Mad with grief
On thursday, Karnataka should have been mourning the death of one of its most popular and revered figures. Instead, it completely lost its mind.
On thursday, Karnataka should have been mourning the death of one of its most popular and revered figures. Instead, it completely lost its mind. Not only did fans of the 76-year-old star Rajkumar forcibly shut shops in Bangalore, but they also went on a rampage, burning tyres, raising angry slogans, smashing objects in one massive mass frenzy. Considering there was nothing unusual about the death of a 76-year-old person of cardiac arrest, the spontaneous mob violence was inexplicable.

If one sees society as a collective of individuals acting and reacting within similar or the same parameters, grief can seek out a violent therapeutic outlet. Within the confines of ‘sanity’ — itself a relative definition — externalised outpourings that go beyond the variations of ‘breastbeating’ can provide relief. In the case of masses, as in the case of bereaved individuals too, when this proactive display of sorrow crosses the line of the law, one is left stumped.
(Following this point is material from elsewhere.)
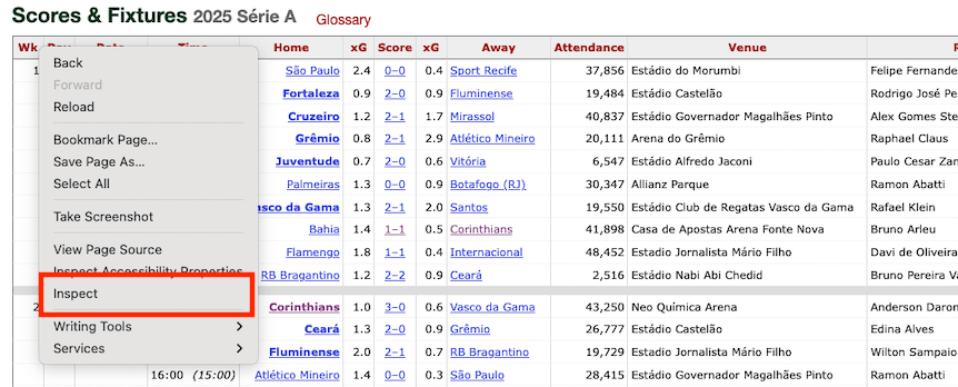 Quando descobri que podia puxar dados da internet para estudar e criar máquinas de aprendizagem, achei isso demais. Nesse post vamos começar a aprender como fazer um web scraping com dados de futebol.

Not only was a large majority of the ‘protesting’ fans otherwise law-abiding people, but one would think them as ‘sane’ individuals too. One man’s sanity may be another man’s stark raving madness — whether it be protesting party workers before their leader or fans of a cricketer literally howling about injustice meted out to him — but there is nothing relative about the law. That, of course, still doesn’t explain why thousands of Rajkumar fans went marauding about town. And to hear some of them blaming the government and Karnataka’s ‘heartless politicians’ for the star’s death was surreal, to say the least.
In Elias Canetti’s classic Crowds and Power, the European writer investigated the strange transitions that take place when individuals in various mental states gather into a force that comes with numbers. Bangalore witnessed such a temporary suspension of sanity. The question is whether a death of an icon — or any other tragic incident — is all that it takes for a state to lose its bearings.